Those visitors, all of whom handle press duties for their Balkan country’s national security force, were at SPI May 24 for a briefing on how police spokesmen here work with media and other agencies.
Speakers were Mark Hebert, the former WHAS-TV reporter who now is UofL’s media relations director, and Lt. Col. Carl Yates, a longtime law enforcement officer who now is in charge of training, community service and media relations for the Jefferson County sheriff’s office.
The trio and their interpreter were participating in the U.S. Department of State’s International Visitors Program. Their May 16-26 trip to the United States included Washington, D.C., Chicago and Louisville. Their Louisville stay also included visits to the Kentucky State Police post in Elizabethtown; Louisville Metro and New Albany, Ind., police; and American Red Cross office to learn about the response to last August’s flooding.
Their campus stop was the most recent example of international cooperation for SPI, according to Deborah Keeling, justice administration chair at UofL. SPI, considered the country’s oldest police executive development program, and the National Crime Prevention Institute are affiliated with her academic department.
In the early 1990s, her department began doing research in Romania, Hungary and Slovakia as those countries switched from a nondemocratic to democratic form of governance and policing, she said. UofL representatives have done training in the People’s Republic of China. While the Kosovo delegation was in Louisville, SPI’s director and associate director, Tad Hughes and Cindy Shain, were in Beirut, continuing work that began last year and included monthlong training here for 23 members of Lebanon’s internal security forces in the fall.

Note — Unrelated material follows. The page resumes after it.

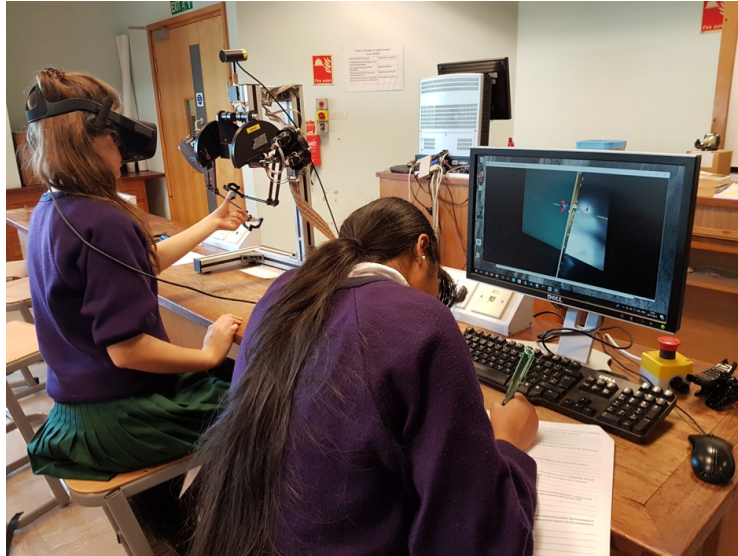
Fig. 1. The multi-finger haptic interface used by the pilot while the co-pilot is working on the worksheet. The device is controlled by a single hand where the fingers of the user (thumb and index fingers) are attached to the robots by a thimble.

One of the mechanical design challenges of the haptic interface is achieving a flexible solution for attaching various sizes of fingers to the robots of the haptic interface. This problem becomes significant as the target group in the experiments is boys and girls of age around 12 who have a wide range of finger and thumb diameters. The thimble design is used in Fig. 1 to attach the student's finger to the haptic interface. This design provides flexibility for a wide range of finger sizes and aims to ensure that the finger is firmly attached while not being uncomfortable to the user.

The Kosovo officers, who had requested their full names not be published, said they were transitioning to democratic policing for their young country of about 2 million people.

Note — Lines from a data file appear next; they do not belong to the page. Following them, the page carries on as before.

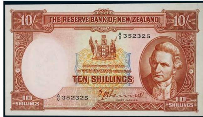
3220* Reserve Bank of New Zealand, T.P.Hanna (1940-56) A/0 352325 (P.158a) first prefix of type. Virtually uncirculated and very rare in this condition. $750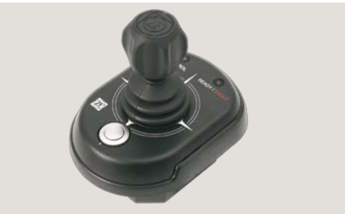
Joystick Maneuvering System

This Pod Drive System is a compact and light unit, best suited for the most popular sized pleasure crafts.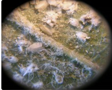
Photo 1. Adult Aleurotrachelus whitefly. Note the curly strands of wax.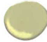
Georgian Green HC115

We want to find the best things from the (other) countries and apply that, Bani, the captain, said. We will see different institutions – how they work with public affairs…Then maybe we can add something in our policies and change in a good way.
A lieutenant, Brahim, remarked that public relations for law enforcement is evolving in that part of the world. PR is a new concept for these countries, he said.

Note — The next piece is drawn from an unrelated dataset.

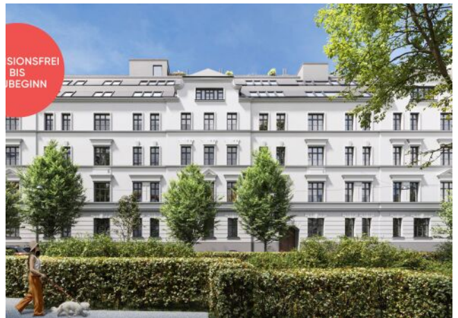
Roseggergasse | Fassade Frontal

In discussing press-police cooperation, Yates and Hebert fielded questions about unconfirmed sources, victim identification and off the record conversations. Yates explained how his agency secures an active crime scene, sets up a command post and provides a media access area that balances the safety of the public and officers with the needs of media to report news quickly and continuously.
Media have no more right to be there than the public, but we recognize they have more reason (to be there), Yates said. We deal with reason vs. right.
Each emphasized the importance of frequent and timely updates, with Hebert explaining the issue of immediacy in a round-the-clock news cycle. As fast as the media works…the police agency has got to have something fast, he said.
Sabrije, the third press officer, asked about how and when media identify a crime victim and how they get the information. Yates explained that locally the coroner has the responsibility for identifying a victim.
Media generally wait for that official word, according to Hebert, knowing that allows time for the coroner or police to contact the victim’s family first. However, if a reporter’s sources are reliable, he may not delay. If it’s a high-profile person, we may not wait, he said.
Yates and Hebert both noted several similarities between the Kosovo police officers’ structure and approach and that of their U.S. counterparts.
It sounds to me like you are on the right path, Hebert said.